[[ Provided data, beginning ]]
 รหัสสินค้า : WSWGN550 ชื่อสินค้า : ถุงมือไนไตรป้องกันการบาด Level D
[[ Provided data, end ]]
[[ Provided data, beginning ]]
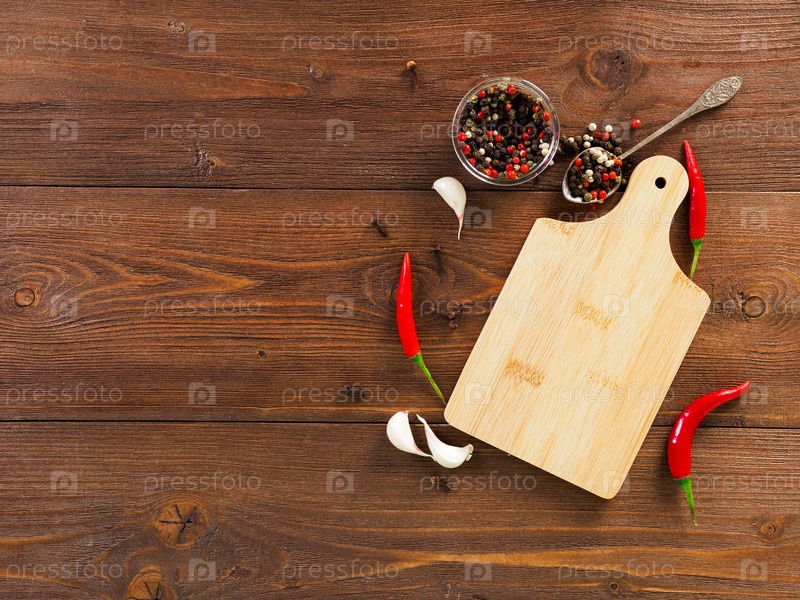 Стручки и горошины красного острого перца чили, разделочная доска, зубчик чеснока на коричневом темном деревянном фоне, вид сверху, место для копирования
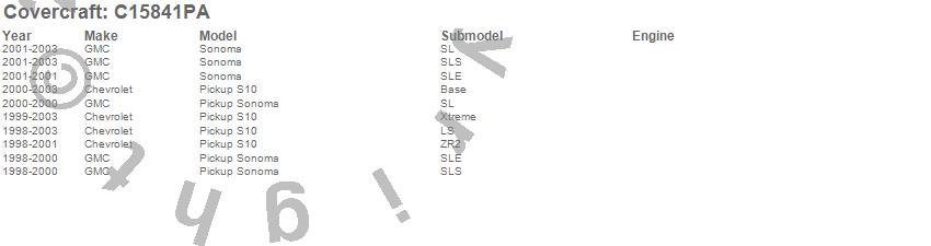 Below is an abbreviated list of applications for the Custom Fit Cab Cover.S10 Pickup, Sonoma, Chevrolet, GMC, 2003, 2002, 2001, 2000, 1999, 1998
[[ Provided data, end ]]
▶ What to produce: Output exactly the lines above, from the line with "Стручки и горошины" to the line with "Below is an", both included; skip the pictures.

▶ Reply to the task:
 Стручки и горошины красного острого перца чили, разделочная доска, зубчик чеснока на коричневом темном деревянном фоне, вид сверху, место для копирования
 Below is an abbreviated list of applications for the Custom Fit Cab Cover.S10 Pickup, Sonoma, Chevrolet, GMC, 2003, 2002, 2001, 2000, 1999, 1998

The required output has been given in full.